▶ **EXTRACTED RECORDS**:
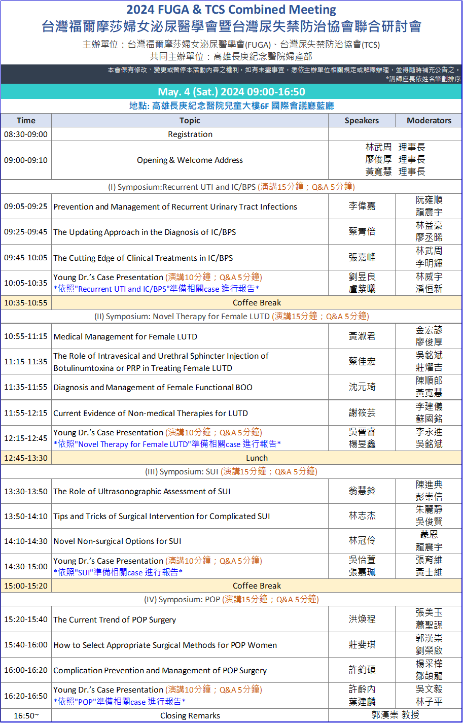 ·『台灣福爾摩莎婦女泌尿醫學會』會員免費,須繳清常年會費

* * *

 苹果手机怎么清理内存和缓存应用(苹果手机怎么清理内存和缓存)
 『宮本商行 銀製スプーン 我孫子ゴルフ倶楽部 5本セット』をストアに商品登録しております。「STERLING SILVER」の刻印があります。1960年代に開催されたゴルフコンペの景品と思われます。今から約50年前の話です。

---

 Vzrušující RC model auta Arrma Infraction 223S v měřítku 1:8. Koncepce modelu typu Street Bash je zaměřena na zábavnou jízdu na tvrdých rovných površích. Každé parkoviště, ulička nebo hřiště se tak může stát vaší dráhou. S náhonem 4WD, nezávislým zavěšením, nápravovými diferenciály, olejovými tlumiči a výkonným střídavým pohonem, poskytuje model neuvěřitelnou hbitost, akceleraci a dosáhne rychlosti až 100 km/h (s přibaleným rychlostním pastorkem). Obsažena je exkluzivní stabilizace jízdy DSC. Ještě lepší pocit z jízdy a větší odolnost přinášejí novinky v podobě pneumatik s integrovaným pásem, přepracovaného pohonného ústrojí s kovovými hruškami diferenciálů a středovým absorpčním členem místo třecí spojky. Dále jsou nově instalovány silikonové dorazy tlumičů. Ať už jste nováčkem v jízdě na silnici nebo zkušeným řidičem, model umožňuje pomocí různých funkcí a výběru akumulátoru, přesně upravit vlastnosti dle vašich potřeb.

▶ **THE TASK**: When you reach the line in the material above that holds "苹果手机怎么清理内存和缓存应用(苹果手机怎么清理内存和缓存)", begin reproducing lines exactly, and stop after the line that holds "銀製スプーン 我孫子ゴルフ倶楽部 5本セット』をストアに商品登録しております。「STERLING".

▶ **RESULT OF THE EXERCISE**:
 苹果手机怎么清理内存和缓存应用(苹果手机怎么清理内存和缓存)
 『宮本商行 銀製スプーン 我孫子ゴルフ倶楽部 5本セット』をストアに商品登録しております。「STERLING SILVER」の刻印があります。1960年代に開催されたゴルフコンペの景品と思われます。今から約50年前の話です。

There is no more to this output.